Ne dobbiamo concludere che siamo davanti a comportamenti sistematicamente irrazionali? Non è una conclusione da scartare, anzi forse è la spiegazione più logica. Questo fatto potrebbe risultare sorprendente solo perché l'economia è una scienza strana. Come affermava il Nobel Kenneth Arrow, infatti, la teoria economica si trova nella bizzarra situazione nella quale: «l'analisi scientifica imputa un comportamento scientifico ai suoi soggetti. Questa non è necessariamente una contraddizione, ma sembra comunque portare ad un regresso infinito».
Come si può sfuggire (forse) alla maledizione
Come sfuggire alla “maledizione del vincitore”, dunque? È un problema decisamente complesso. Immaginate di essere il manager di una di quelle imprese di estrazione che deve competere con altre imprese per l'acquisizione dei diritti (oggi una situazione simile si ha nelle aste per l'acquisto degli spazi pubblicitari sui motori di ricerca). Anche supponendo di essere coscienti della vulnerabilità alla “maledizione del vincitore” quale sarebbe la condotta ottimale?
Certo potreste tenerne conto nell'elaborazione delle vostre stime e delle offerte che saranno, per questo, generalmente più moderate. Questo però, se da una parte vi potrà evitare si “strapagare” certi diritti, dall'altra, vi farà vincere ben poche aste e quindi impedirà la vostra attività. Del resto, comportarsi in maniera razionale in un mondo popolato da persone irrazionali è una condotta suicida, come era solito ripetere John Maynard Keynes.

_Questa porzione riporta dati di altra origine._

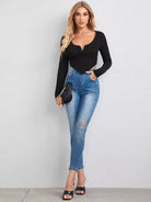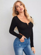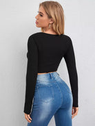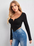 تي شيرت قصير برقبة غير متناسقة بحافة غير متناظرة

Ma al di là di queste considerazioni che ci porterebbero su una strada di grande interesse, ma divergente rispetto ai nostri obiettivi, il dato importante è questo: se la “maledizione del vincitore” è un fatto accertato, questo può ridurre la probabilità di scalate ostili e quindi il rischio che corre il management di un'impresa gestita in maniera inefficiente.
L'azzardo morale, dunque, è ancora lì, a minacciare gli interessi degli azionisti e il buon funzionamento delle imprese. Come ne possiamo uscire? Forse la strada indicata dalle scienze comportamentali che considerano anche gli agenti economici come appartenenti alla specie “homo sapiens” e non alieni iper-razionali, può rivelarsi feconda. Ne parleremo diffusamente nelle prossime settimane.